The DORA Enforcement Outlook for 2026: From Grace Period to Interventionist Supervision
The Grace Period Ends
For the financial sector, 2025 had a rhythm: compliance teams worked against DORA deadlines while enforcement remained theoretical. No supervisor imposed a public DORA penalty. No institution was named for non-compliance. No CTPP received a formal recommendation. The first year of DORA's application functioned as an implicit grace period — time for the industry to build capabilities and for supervisors to build the infrastructure to oversee them.
That grace period is ending. The convergence of several developments — completed data collection, operational examination frameworks, staffed supervisory teams, and published guidance — signals that 2026 will be qualitatively different from 2025. Supervisors across the EU are transitioning from a posture of "observation and capacity-building" to what multiple regulatory communications describe as "interventionist supervision."

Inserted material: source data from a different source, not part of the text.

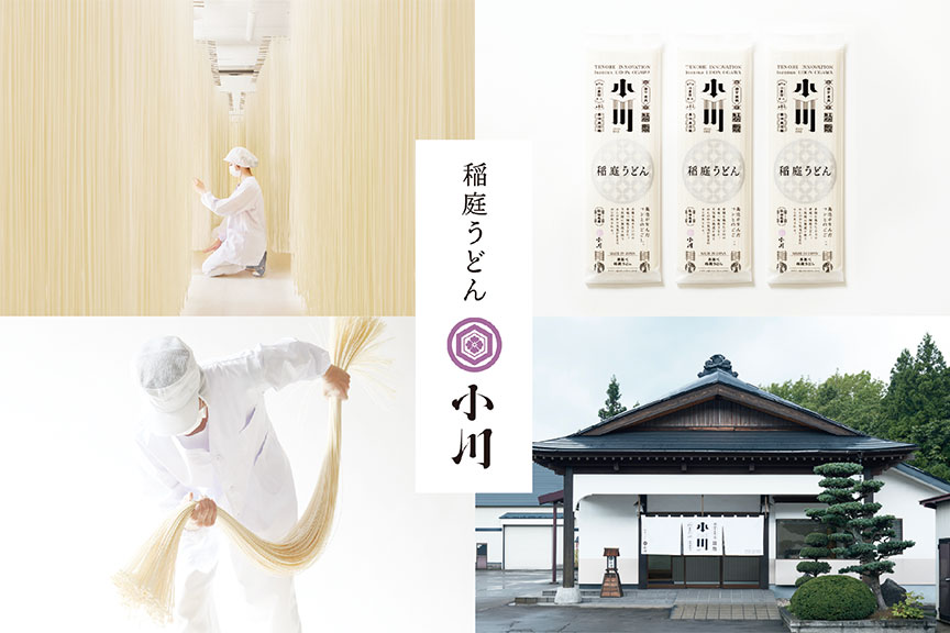 「小川」の縦線を麺に解釈したロゴ開発、“手延べ”の価値を“TENOBE
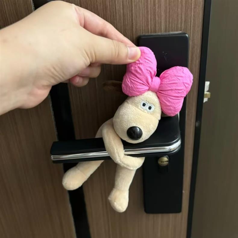 蝶結びの犬のドアの取っ手のペンダントのかわいいぬいぐるみの装飾のアイデアの寝室は衝突防止の番手の犬を配置します。
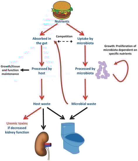 Microbiota–host interaction and modulation by dietary nutrients. When humans feed themselves, they are also feeding their microbiota. The precise nutrients ingested will favor the growth of bacteria that feed on ingested nutrients, in detriment of bacteria that feed on nutrients that a person is not ingesting. The microbiota competes with the host for certain nutrients, such l-carnitine. Thus, oral l-carnitine supplementation promotes the growth of l-carnitine metabolizing bacteria and may result in decreased l-carnitine absorption. Some waste molecules from bacterial feeding will be absorbed systemically and metabolized to uremic toxins that accumulate if not excreted in urine.
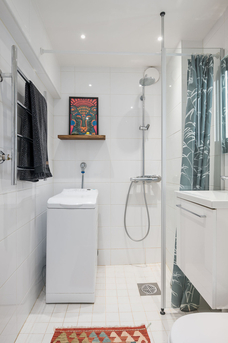 Kylpyhuoneessa suihku, suihkuseinä, allaskaappi, peili, wc-istuin. Pesukoneliitäntä. Lattia laattaa, seinät kaakelia. |
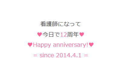 からの、今日はお休みだったんですが、実は今日4月1日はわたしが看護師として働き始めた日であるんですよね。12周年です。
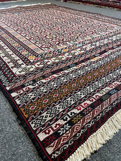 A very finely woven semi-antique Maliki Sumak flatwoven rug from Afghanistan, all handwoven with 100% organic vegetable-dyed wool. This is a flat-woven sumak, a double-stitched, hand-embroidered rug (triple-woven). Measurements do not include the fringe length. This piece would be great in any living space.
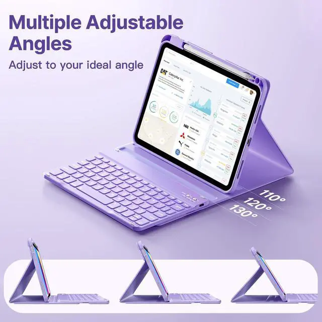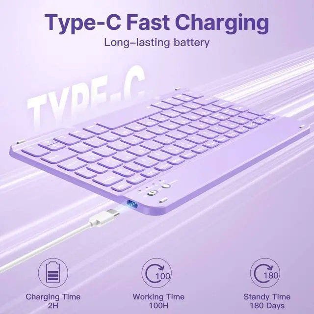 Long-life Rechargeable Keyboard Keyboard for iPad 10th generation has a built-in rechargeable lithium battery, no replacements needed, saves hassle from frequent purchases. Fully charges in 23 hours, lasts up to 72 hours, and auto-sleeps after 15 minutes unused to save power (wakes instantl
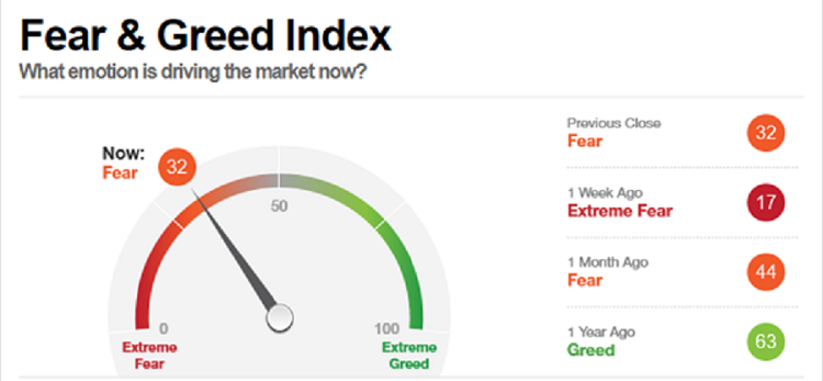 The Fear Greed Index, or Fear Greed Index, is an indicator developed by CNN Money that seeks to measure US stock market sentiment. The index is made up of seven different indicators, including market volatility, change in stock prices, money inflow into the economy, change in the ratio of rising to falling stocks, and other related factors. The index provides a score between 0 and 100, where a score of 0 indicates maximum market fear and a score of 100 indicates maximum market greed.
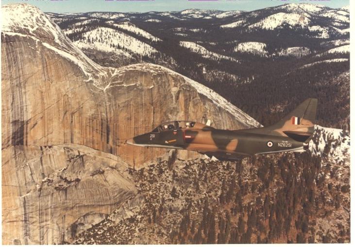 1970:Royal New Zealand Air Force TA-4K Skyhawk BuNo 157914, NZ-6251, flying over Yosemite National Park. Probably during RNZAF training in U.S. Photo from James Stegman.
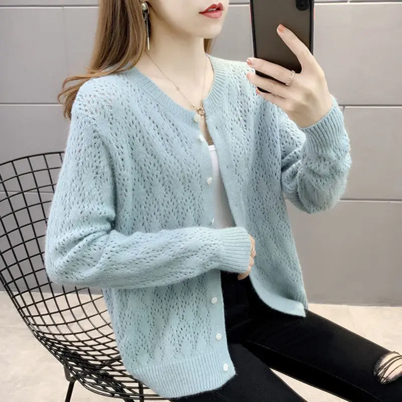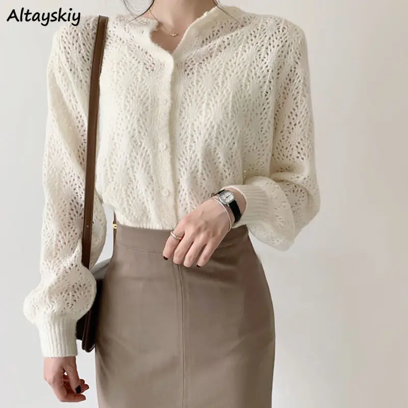 Женский ажурный кружевной вязаный свитер, элегантный однобортный Св...
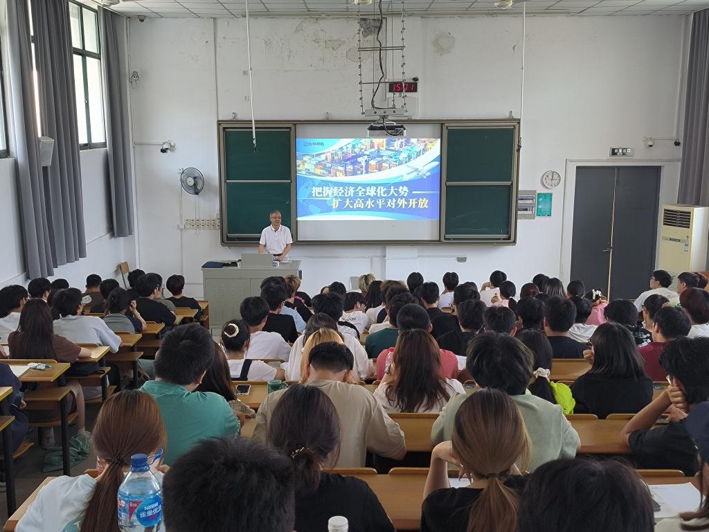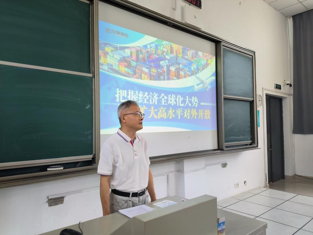 6月18日,鉴黄师 党委书记费忠民以“把握经济全球化大势,扩大高水平对外开放”为题,为鉴黄师 学生们讲授了一堂“形势与政策”课。
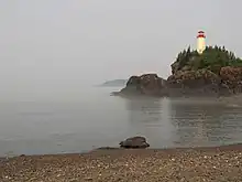 Battle Island Light is a lighthouse on the Canadian shore of Lake Superior. It is located on the westerly point of Battle Island, 28.5 miles (45.9 km) east-northeast from Lamb Island Light.
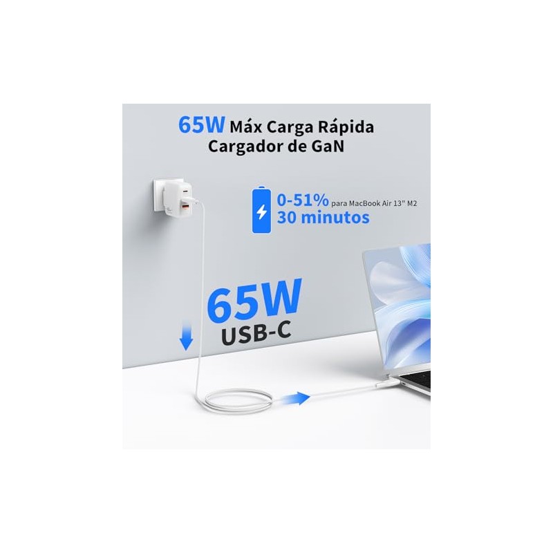 - 【Carga Rápida de 30 Minutos】Potencia de salida de hasta 65 W. Si su teléfono tiene un puerto de carga USB C y admite una potencia de 65 W, solo se necesitan 30 minutos para cargarlo por completo usando solo este cargador.
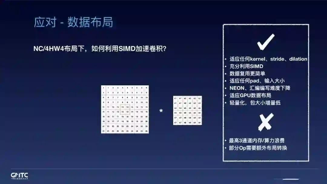 但是, NCHW 布局下,无法充分利用 SIMD 进行加速,同时,实现优化分支越多,占用包大小也就越多。
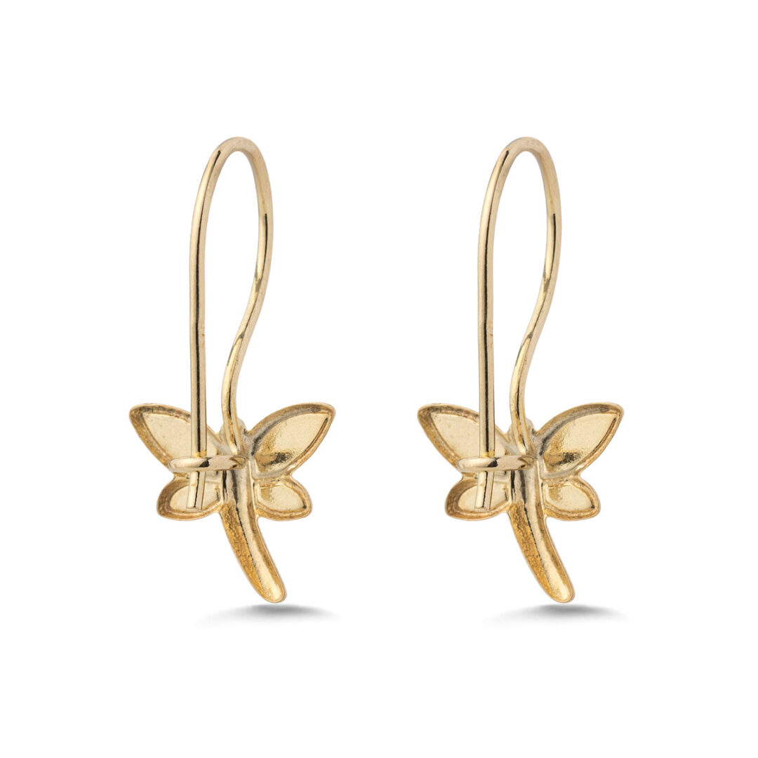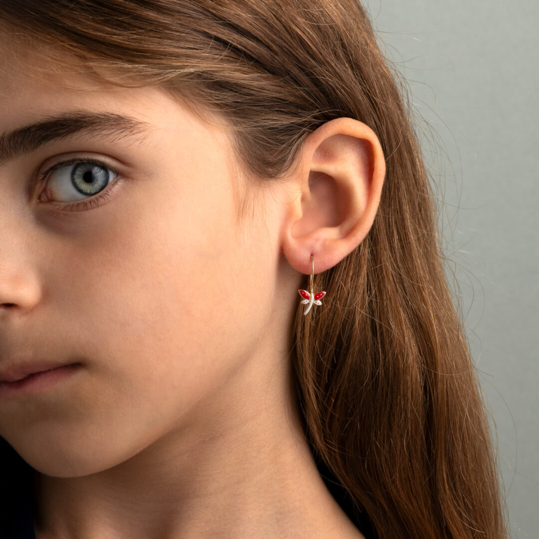 Adorable 9K gold butterfly dangle earrings for girls, featuring white and red enamel, a sweet and colorful jewelry gift for little ones.
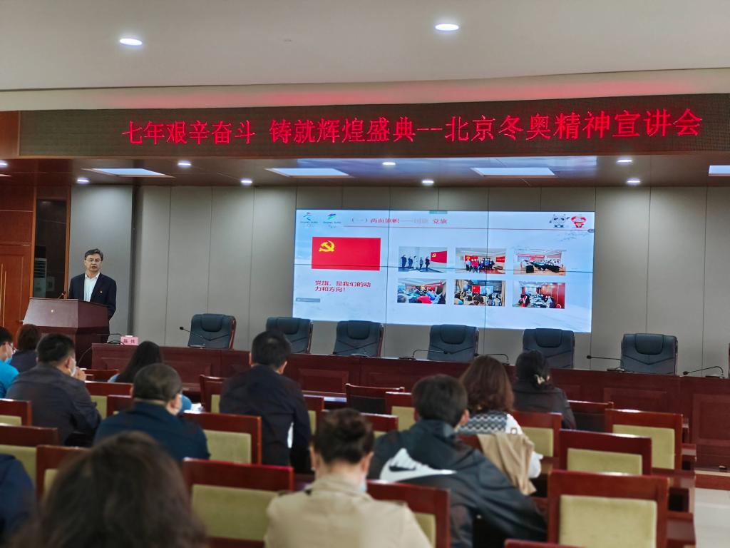 陈伟首先结合自己在北京奥组委志愿服务的工作经历,围绕“两面旗帜”“两件大事”“两种态度”等七个方面,结合冬奥会申办、筹备、赛事的一系列故事向与会人员介绍了冬奥会的整体情况,使大家对“胸怀大局、自信开放、迎难而上、追求卓越、共创未来”的冬奥精神有了更深层次的认识。随后,陈伟向大家展示了奥运小城崇礼的巨大变化,冰雪经济快速发展,人民生活殷实富足,冬奥会给崇礼人民带来了无限希望。最后,陈伟谈到了自己的工作感悟,他切身感受到北京冬奥会、冬残奥会之所以能取得如此辉煌的成绩,党的领导是最根本的保证,也是中国特色社会主义制度巨大优越性的真实体现。
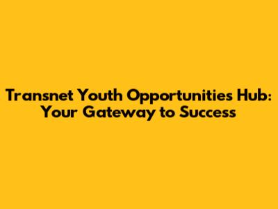 Transnet Youth Opportunities Hub: Your Gateway To Success
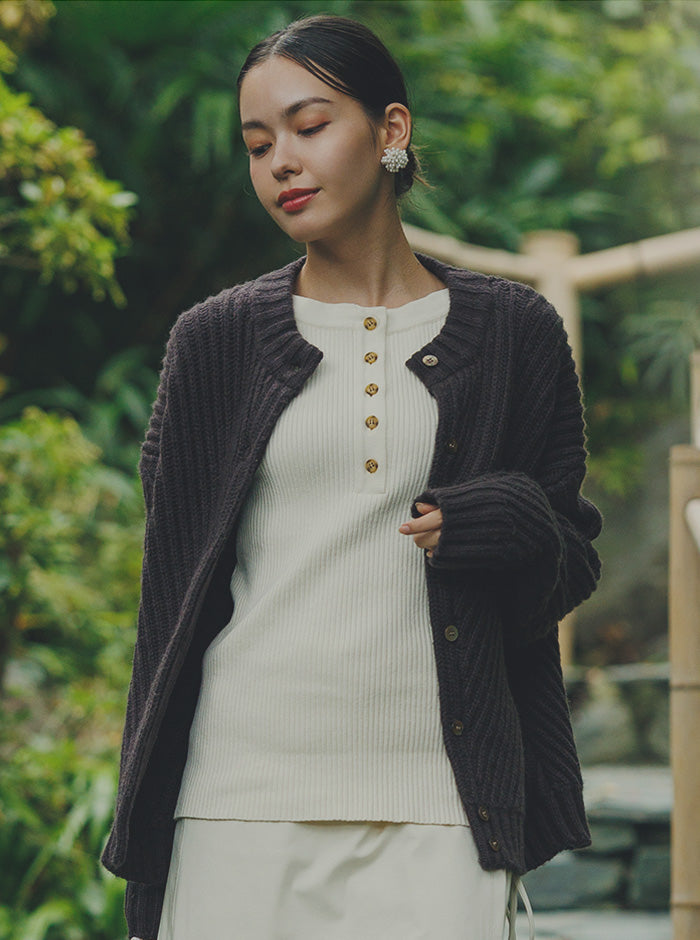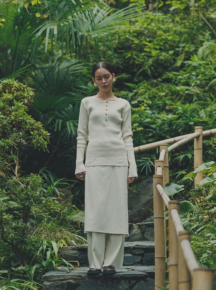 ボタンの配置やネックラインのカーブには、上品さと抜け感のバランスを意識しました。

The shift is not punitive for its own sake. Supervisors recognize that DORA's effectiveness depends on credible enforcement. A regulation that exists only on paper does not change institutional behavior. The first enforcement actions — whenever they arrive — will establish the tone, scope, and severity that defines the enforcement regime for years to come.
The Enforcement Infrastructure Is Ready
Data Availability
The Register of Information submissions (April 2025) gave supervisors their first comprehensive view of the financial sector's ICT dependency landscape. This data — covering third-party relationships, criticality classifications, sub-outsourcing chains, and contractual arrangements — provides the raw material for risk-based supervisory prioritization.
Supervisors can now identify: which institutions have the highest concentration risk, which providers support the most critical functions, which contracts lack Art. 30 mandatory provisions, and which institutions submitted incomplete or inconsistent data. The Register is not just a compliance deliverable — it is a supervisory intelligence tool.
Examination Frameworks
The ESAs' July 2025 oversight guide and Delegated Regulation 2025/420 established the practical frameworks for conducting examinations. JET composition rules, information request protocols, on-site inspection procedures, and finding severity classifications are all defined. The infrastructure exists; what remains is to deploy it.
Staffed Teams
NCAs across the EU have recruited and trained DORA-specific supervisory teams during 2025:
| NCA | DORA team readiness | Published guidance | Examination activity (2025) |
|---|---|---|---|
| CBI (Ireland) | Dedicated team established | Sector-specific letters | Thematic reviews initiated |
| AMF (France) | Team operational | Market infrastructure guidance | Bilateral discussions |
| BaFin (Germany) | Full team, detailed mandate | August 2025 comprehensive guidance | Desk-based reviews |
| Consob/BdI (Italy) | Coordinated approach | Incident reporting focus | Thematic inquiries |
| CSSF (Luxembourg) | Team operational | Fund sector proportionality guidance | Bilateral engagement |
| DNB (Netherlands) | Integrated into existing teams | Breach-type differentiation | Initial assessments |
| CNMV (Spain) | Team building | Limited public guidance | Early-stage engagement |
Supervisory Intelligence
Beyond Register data, supervisors have accumulated 11 months of supervisory intelligence: thematic review findings, bilateral discussion insights, incident reporting patterns, and cross-border information from ESA coordination. This intelligence informs prioritization — supervisors know where the gaps are.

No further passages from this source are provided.